O ex-primeiro-ministro François Fillon e seu advogado, Antonin Levy, no tribunal de Paris, 29 de abril de 2025.

O ex-primeiro-ministro François Fillon retirou o recurso no caso dos empregos fictícios de sua esposa, Penelope, tornando definitiva a sua sentença, declarou uma fonte judicial à Agence France-Presse (AFP) na segunda-feira, 16 de fevereiro, confirmando informações deOeste da França.

O ex-inquilino de Matignon interpôs recurso da decisão de 17 de junho de 2025 do Tribunal de Recurso de Paris.

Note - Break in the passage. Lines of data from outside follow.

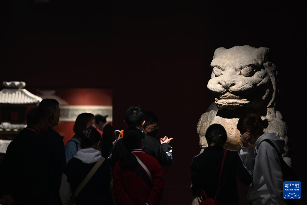 5月9日,游客在西安碑林博物馆内参观唐代石狮。古代中国的狮子多通过丝绸之路由外国进贡而来。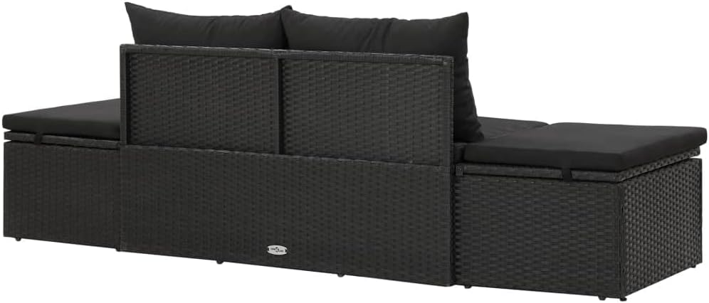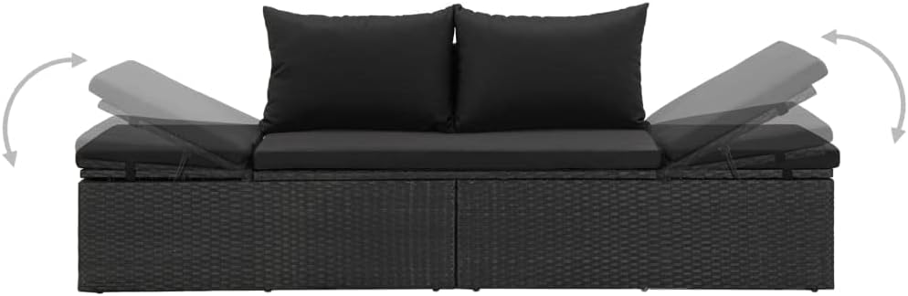 This comfortable poly rattan lounge bed is a perfect combination of style and functionality. It will be ideal for relaxing near the swimming pool, at your balcony, on your patio or at the campsite during your holiday or leisure time.Our sun bed is made of PE rattan, which is lightweight, water-resistant, easy to clean and designed to be used outdoors for year round. Powder-coated steel frame ensures high stability. Both sides of the bed can be pulled up and adjusted in different settings for the most comfortable seating or lying position. The thickly padded, removable cushion and waist pillows with foam filling will provide the ultimate comfort. The cushion cover is removable for easy washing and maintenance.The sun bed is easy to assemble.Color: BlackMaterial: Steel frame + poly rattanDimension: 76.7" x 23.6" x 23.6" (L x W x H)Seat height: 12.6"Seat cushion thickness: 1.6"Waist pillow dimensions: 21.6" x 13.3" x 5.9" (L x W x T)Both sides are adjustable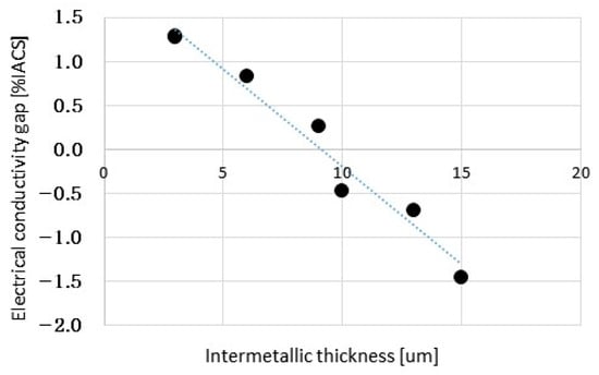 The relationship between the CCAW electrical conductivity gap between the measured values and the calculated values with the intermetallic thickness.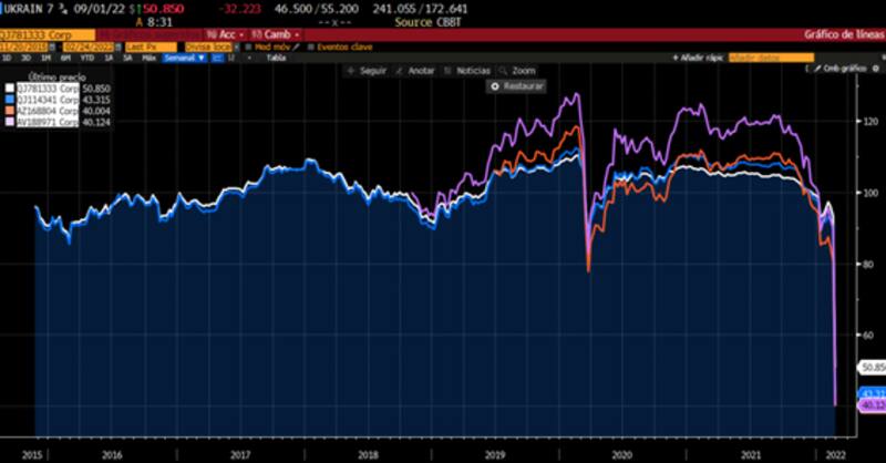 Los bonos globales de Ucrania perdieron entre 45% y hasta 56% en el último mes y desde sus máximos recientes. Pasaron de operar en niveles de u$s 100 hace un mes para operar en niveles de entre u$s 40 a u$s 50.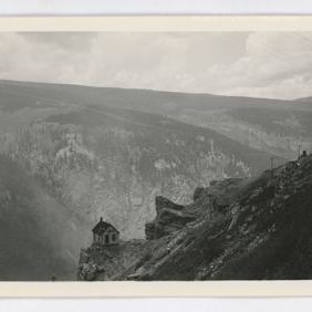 1. Steep canyon walls. A small building sits on the edge of the canyon with another small building higher up the slope. A white post & pipe barrier is at top. Power poses beside barrier.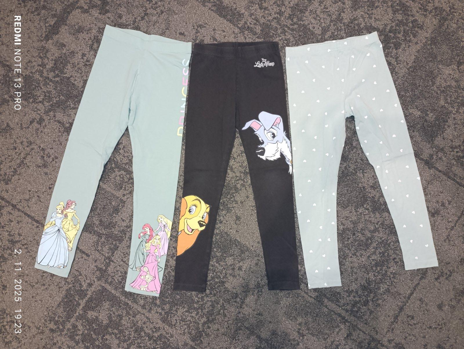 Dievčenské legíny Disney, veľkosť 128, málo nosené. Darujem k nim zelené legíny so srdiečkami (majú dierku, viď foto).

Mas ele desistiu do recurso, assim como sua esposa, decisão registrada pelo Tribunal de Cassação em 9 de janeiro, em despacho consultado pela AFP.

Em 2017, “Penelopegate” descarrilou a campanha do antigo chefe de governo de Nicolas Sarkozy, eliminado na primeira volta com 20% dos votos – uma situação inédita para um candidato de direita no Ve República.

Neste caso, François Fillon foi condenado definitivamente em junho pelo Tribunal de Recurso de Paris a quatro anos de prisão pelos empregos fictícios da sua esposa, Penélope, na Assembleia Nacional. Foi ainda multado em 375 mil euros e cinco anos de inelegibilidade. Pena ligeiramente reduzida em relação à proferida em 9 de maio de 2022: outros magistrados do mesmo tribunal de recurso pronunciaram então quatro anos de prisão, incluindo um ano, com a mesma multa, mas dez anos de inelegibilidade.

O Tribunal de Cassação anulou então, em 2024, parcialmente esta decisão e ordenou um novo julgamento de François Fillon, mas apenas no valor da sua pena – sendo definitiva a sua culpa, em particular por desvio de fundos públicos.

Penelope Fillon só se preocupou com este terceiro julgamento por parte dos danos a que o casal foi condenado – a sua pena de prisão suspensa de dois anos e multa de 375.000 euros é definitiva desde 2024. O seu recurso dizia, portanto, apenas respeito à questão dos danos.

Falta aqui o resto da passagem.